Kate Middleton Champions Art Therapy
Why Kate Middleton chose to patronise The Art Room, an art therapy charity that helps children with emotional difficulties
It is remarkable that, out of the four charitable patronages that The Duchess of Cambridge announced on the 5 January, two were dedicated to art. The National Portrait Gallery, of course, makes sense: it is a major national institution, and an obvious choice for royal patronage. But more unusual is her choice of The Art Room – the smallest charity of the four, dedicated to helping children between the ages of five and 16 years with emotional difficulties develop confidence and social skills via the medium of art. In particular, the organization works with children who suffer from conditions such as Asperger's syndrome, a form of autism. Working primarily through existing schools, the charity sets up ‘rooms for art’ that provide children with a focal point and safe place, hoping to teach its beneficiaries life skills, such as the ability to focus and work through disputes, all by using different forms of art.
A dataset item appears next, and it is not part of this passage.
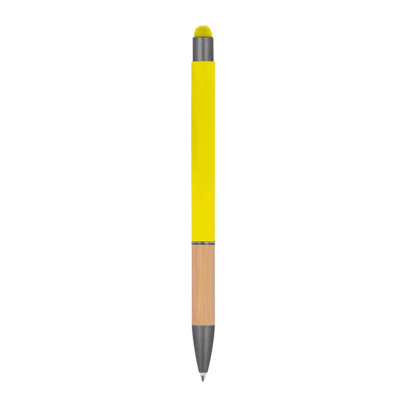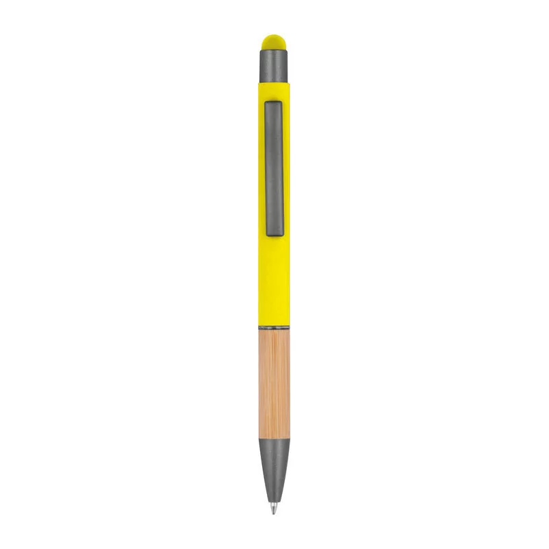 Alumínium toll, kéken író tollbetéttel, érintőképernyős funkcióval, matt, ezüst felületekkel és bambusz markolattal.

Founder and director of The Art Room, Juli Beattie is, of course, overjoyed, saying that Middleton’s choice is ‘fantastic endorsement of the work we do and the role that art and creativity can play in helping children and young people whose start in life has been difficult’: “This is wonderful news. On behalf of all of our Trustees and staff and the children and young people we support, I want to thank The Duchess for choosing The Art Room’. But why did she? Art therapy is a relatively young therapeutic discipline. It first began around the mid-20th Century, arising independently in English-speaking and European areas. In England, as in the U.S., the roots of art therapy lay mainly in art education, the practice of art, and developmental psychology. It seems that the inspiration for Kate Middleton's choice came partly from three months of study and observation, according to St. James' Palace, but may also have been inspired by the success of international projects such as Inner City Arts – a charity that uses art to help impoverished youths in Los Angeles develop community and skills – that she and William visited last year.